The Federal Trade Commission has filed a complaint in federal district court challenging agreements in which Solvay Pharmaceuticals (Marietta, GA) paid generic drug makers Watson Pharmaceuticals (Corona, CA) and Par Pharmaceutical Companies (Woodcliff Lake, NJ) to delay generic competition to Solvay's branded testosterone-replacement drug "AndroGel," a prescription pharmaceutical with annual sales of more than $400 million, according to an FTC press release.
Washington DC (Feb. 2)-The Federal Trade Commission has filed a complaint in federal district court challenging agreements in which Solvay Pharmaceuticals (Marietta, GA) paid generic drug makers Watson Pharmaceuticals (Corona, CA) and Par Pharmaceutical Companies (Woodcliff Lake, NJ) to delay generic competition to Solvay’s branded testosterone-replacement drug “AndroGel”, a prescription pharmaceutical with annual sales of more than $400 million, according to an FTC press release.
“At a time of escalating health care costs, these unlawful agreements deny patients the benefit of competition between branded and generic pharmaceuticals and ultimately cost consumers hundreds of millions of dollars a year,” said Acting FTC Bureau of Competition Director David P. Wales, in the FTC release.
The complaint, filed in the US District Court for the Central District of California, says that Watson and Par, via its partner Paddock Laboratories (Minneapolis, MN) each sought regulatory approval from FDA to market generic versions of AndroGel. In their FDA filings, both companies certified that their products did not infringe the only patent Solvay had relating to AndroGel, and that the patent was invalid, according to FTC. The complaint charges that Solvay agreed to pay the generic companies to abandon their patent challenges and agree not to bring a generic AndroGel product to market for nine years, until 2015.
“Today’s action reaffirms the Commission’s commitment to protect American consumers from artificially high prescription drug prices that result when branded and generic pharmaceutical companies decide to collude rather than compete,” Wales said in the FTC release. “The evidence in this case will show that Watson and Par agreed to defer their generic entry for nine years, not out of respect for Solvay’s patent, but due to the size of Solvay’s payments to them.”
The court action seeks to promote competition between Solvay and generic drug makers that had sought to introduce generic versions of the branded prescription drug AndroGel.

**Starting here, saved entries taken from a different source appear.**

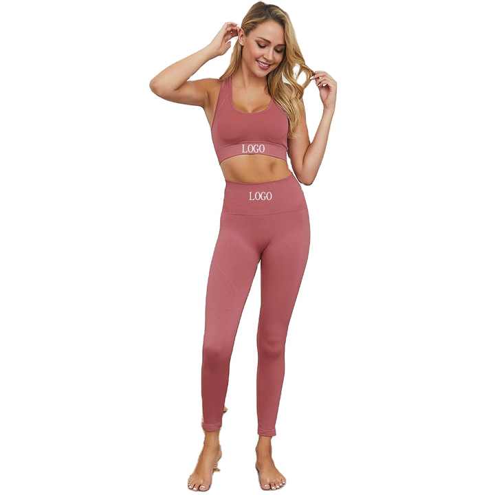 Conception personnalisée de vêtements de sport pour femmes adultes ensembles de gymnastique taille haute 100% coton sans couture avec motif solide sublimé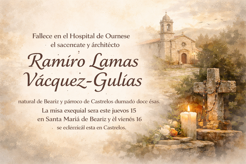 En la mañana de la víspera de su ochenta y dos cumpleaños ha fallecido en el Hospital de Ourense el arquitecto y sacerdote Ramiro Lamas Vázquez-Gulías, después de una larga enfermedad que le había alejado desde el pasado año del ejercicio del ministerio sacerdotal en esta diócesis y de su parroquia de Castrelos. Por deseo de la familia el velatorio se ha establecido en el Tanatorio de Magros y la misa exequial se celebrará a las 16 horas del jueves día 15 de enero en el templo parroquial de Santa María de Beariz, tras la cual su cuerpo será inhumado en el panteón familiar del cementerio de dicha parroquia.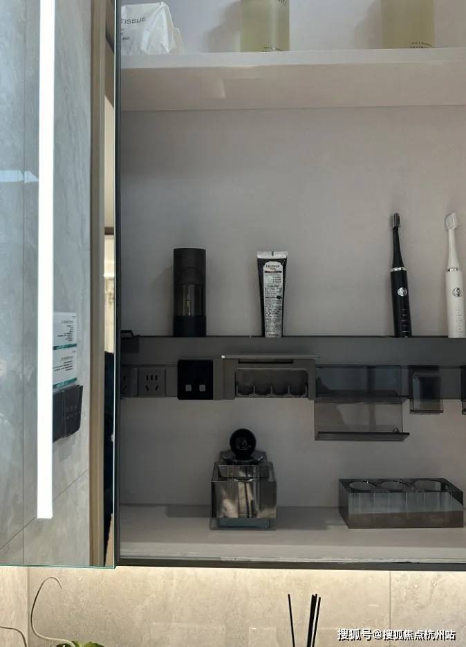 主卧卫生间镜柜,甚至交付有牙刷消毒系统: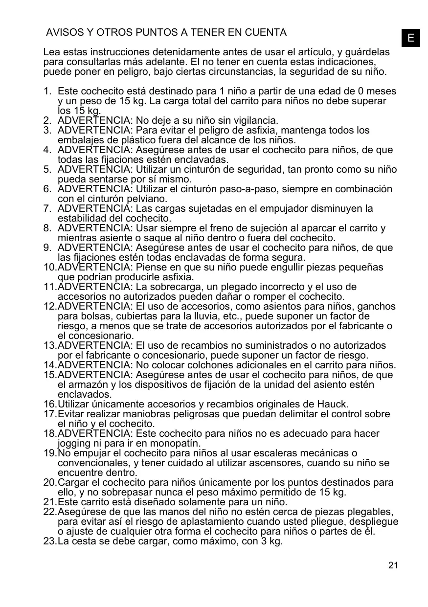 AVISOS Y OTROS PUNTOS A TENER EN CUENTA Lea estas instrucciones detenidamente antes de usar el artículo, y guárdelas para consultarlas más adelante. El no tener en cuenta estas indicaciones, puede poner en peligro, bajo ciertas circunstancias, la seguridad de su niño. 1. Este cochecito está destinado para 1 niño a partir de una edad de 0 meses y un peso de 15 kg. La carga total del carrito para niños no debe superar los 15 kg. 2. ADVERTENCIA: No deje a su niño sin vigilancia. 3. ADVERTENCIA: Para evitar el peligro de asfixia, mantenga todos los embalajes de plástico fuera del alcance de los niños. 4. ADVERTENCIA: Asegúrese antes de usar el cochecito para niños, de que todas las fijaciones estén enclavadas. 5. ADVERTENCIA: Utilizar un cinturón de seguridad, tan pronto como su niño pueda sentarse por sí mismo. 6. ADVERTENCIA: Utilizar el cinturón paso-a-paso, siempre en combinación con el cinturón pelviano. 7. ADVERTENCIA: Las cargas sujetadas en el empujador disminuyen la estabilidad del cochecito. 8. ADVERTENCIA: Usar siempre el freno de sujeción al aparcar el carrito y mientras asiente o saque al niño dentro o fuera del cochecito. 9. ADVERTENCIA: Asegúrese antes de usar el cochecito para niños, de que las fijaciones estén todas enclavadas de forma segura. 10.ADVERTENCIA: Piense en que su niño puede engullir piezas pequeñas que podrían producirle asfixia. 11.ADVERTENCIA: La sobrecarga, un plegado incorrecto y el uso de accesorios no autorizados pueden dañar o romper el cochecito. 12.ADVERTENCIA: El uso de accesorios, como asientos para niños, ganchos para bolsas, cubiertas para la lluvia, etc., puede suponer un factor de riesgo, a menos que se trate de accesorios autorizados por el fabricante o el concesionario. 13.ADVERTENCIA: El uso de recambios no suministrados o no autorizados por el fabricante o concesionario, puede suponer un factor de riesgo. 14.ADVERTENCIA: No colocar colchones adicionales en el carrito para niños. 15.ADVERTENCIA: Asegúrese antes de usar el cochecito para niños, de que el armazón y los dispositivos de fijación de la unidad del asiento estén enclavados. 16.Utilizar únicamente accesorios y recambios originales de Hauck. 17.Evitar realizar maniobras peligrosas que puedan delimitar el control sobre el niño y el cochecito. 18.ADVERTENCIA: Este cochecito para niños no es adecuado para hacer jogging ni para ir en monopatín. 19.No empujar el cochecito para niños al usar escaleras mecánicas o convencionales, y tener cuidado al utilizar ascensores, cuando su niño se encuentre dentro. 20.Cargar el cochecito para niños únicamente por los puntos destinados para ello, y no sobrepasar nunca el peso máximo permitido de 15 kg. 21.Este carrito está diseñado solamente para un niño. 22.Asegúrese de que las manos del niño no estén cerca de piezas plegables, para evitar así el riesgo de aplastamiento cuando usted pliegue, despliegue o ajuste de cualquier otra forma el cochecito para niños o partes de él. 23.La cesta se debe cargar, como máximo, con 3 kg. 21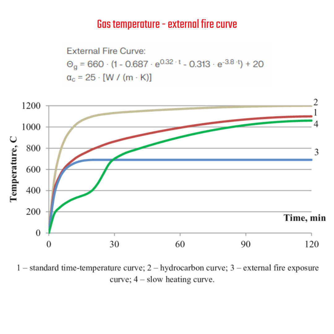 El Eurocódigo define varias curvas nominales de fuego temperatura-tiempo utilizadas en el diseño estructural contra incendios: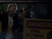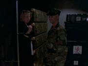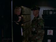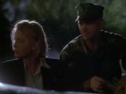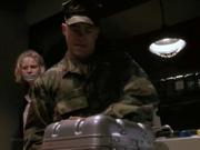 Tracey Needham plays Lt. Meg Austin who is kidnapped by some white supremists who are after a cache of "satchel nukes" kept in a secured bunker. Meg is pulled from a creek after she dives in to save another man shot by one of her kidnappers and afterward, she's handcuffed and gagged with duct tape as they near the base where the devices are kept. Inside the bunker, she's handcuffed to a pipe and coerced into telling her abductor how to finish setting up the bomb before the man shoots his partners and makes his escape...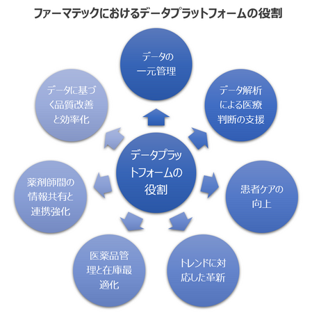 ファーマテックにおいてデータプラットフォームは重要な役割を果たし、データの収集、統合、解析、共有、保護などの側面で薬局における情報の統合と共有、データ駆動型の医療判断、患者セントリックなケア、医薬品管理と在庫最適化など、薬局はより効率的で質の高い医療サービスを提供し、患者の健康と福祉に寄与することが可能となります。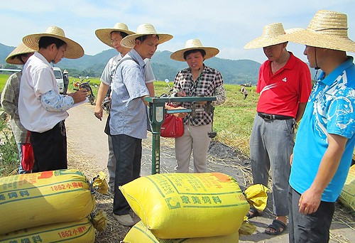 7月16日,受农业厅委托,玉林市农委组织专家组对兴业县承担实施的农业部万亩水稻高产创建示范区进行测产验收,经验收组人员现场测产,示范片亩产干谷526.7公斤,超出农业部制定的亩产500公斤干谷的目标产量,水稻万亩高产示范项目取得成功。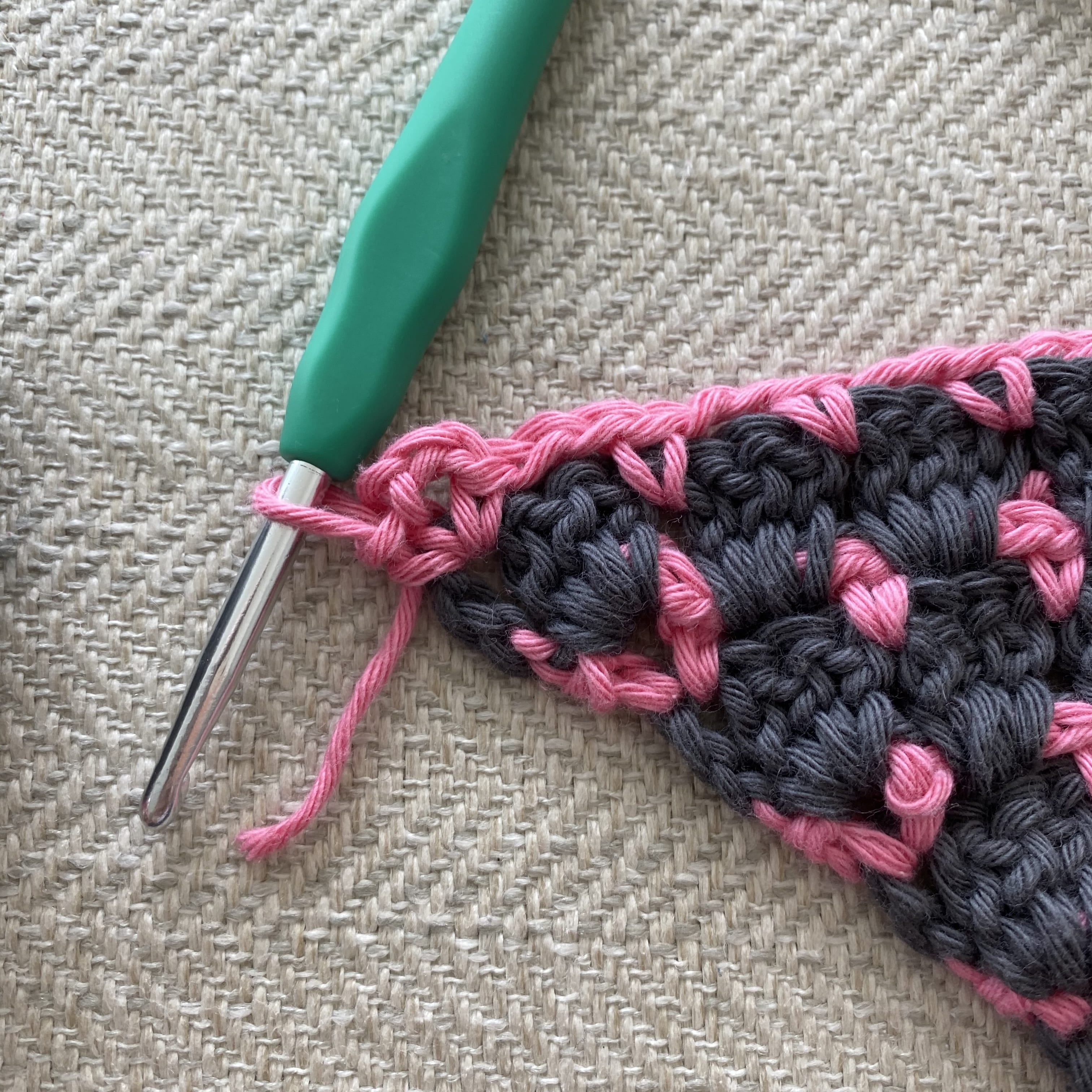 Row 3: Change colour, sc, *sc ch2, sk 2 ch* repeat to last 2 stitches, 2 sc.

AndroGel, Solvay’s second highest selling pharmaceutical product, is a pharmaceutical gel containing synthetic testosterone. It is approved for testosterone replacement therapy in men with low testosterone levels, which often are associated with advancing age, certain cancers, and HIV/AIDS, among other conditions.
In May 2003, Watson and Paddock, which partnered with Par, each filed applications for FDA approval to market generic versions of AndroGel. Solvay’s patent on Androgel was issued in January 2003, with an expiration date of August 2020. By early 2006, Watson had received final approval to market its generic product. The complaint alleges that Solvay, acted unlawfully by paying Watson and Par a share of its AndroGel profits to abandon their patent challenges and agree to delay generic entry until 2015. As a result, the complaint states that the defendants are cooperating on the sale of AndroGel and sharing the monopoly profits, rather than competing. The FTC is seeking a final court judgment declaring that Solvay’s agreements with Watson and with Par and Paddock violate Section 5(a) of the FTC Act, and injunctive relief restoring competitive conditions and barring the defendants from engaging in similar or related conduct in the future.